• [RAW DATA]
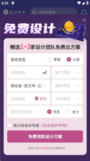 3、若选择业主身份并点击“咨询设计”,可进入免费设计界面,选择装修类型(家装或公装),填写店面面积、施工类型、服务类型、空间类型、个人信息等,勾选同意《信息保护声明》后,点击“免费领取设计方案”,即可获取1~3家设计团队的免费方案。
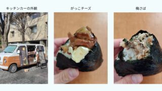 I bought some rice balls "Smoked radish pickled & cheese," "Plum mackerel," and "Kimchi" from the food truck "Onigiri ag...
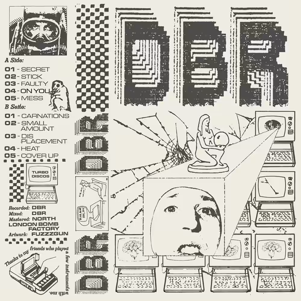 Das Berliner Post Punk-Soloprojekt DBR ist jetzt schon eine ganze Weile unterwegs und hat bislang eine Langspielkassette und ein ganzes Bündel an EPs veröffentlicht, zuerst unter dem Namen Dee Bee Rich, auf späteren Releases dann zu DBR abgekürzt. Die neueste, auf Turbo Discos erschienene Kassette ist dabei mal ganz locker Dee Bees ansprechendstes und vielfältigstes Werk seit einer ganzen Weile, auf dem er die minimalistisch-kleinlaute Ästhetik, in die sich sein Sound graduell hineinentwickelt hat, mit einem ausgeprägten Sinn für Melodie und Eleganz ausstattet, dabei aber weiterhin durchweg verspielt bis verspult rüberkommt.

• [REQUIRED WORK] Everything in the data above, apart from the pictures, should be retyped exactly.

• [ANSWER FOR THE TASK]
 3、若选择业主身份并点击“咨询设计”,可进入免费设计界面,选择装修类型(家装或公装),填写店面面积、施工类型、服务类型、空间类型、个人信息等,勾选同意《信息保护声明》后,点击“免费领取设计方案”,即可获取1~3家设计团队的免费方案。
 I bought some rice balls "Smoked radish pickled & cheese," "Plum mackerel," and "Kimchi" from the food truck "Onigiri ag...
 Das Berliner Post Punk-Soloprojekt DBR ist jetzt schon eine ganze Weile unterwegs und hat bislang eine Langspielkassette und ein ganzes Bündel an EPs veröffentlicht, zuerst unter dem Namen Dee Bee Rich, auf späteren Releases dann zu DBR abgekürzt. Die neueste, auf Turbo Discos erschienene Kassette ist dabei mal ganz locker Dee Bees ansprechendstes und vielfältigstes Werk seit einer ganzen Weile, auf dem er die minimalistisch-kleinlaute Ästhetik, in die sich sein Sound graduell hineinentwickelt hat, mit einem ausgeprägten Sinn für Melodie und Eleganz ausstattet, dabei aber weiterhin durchweg verspielt bis verspult rüberkommt.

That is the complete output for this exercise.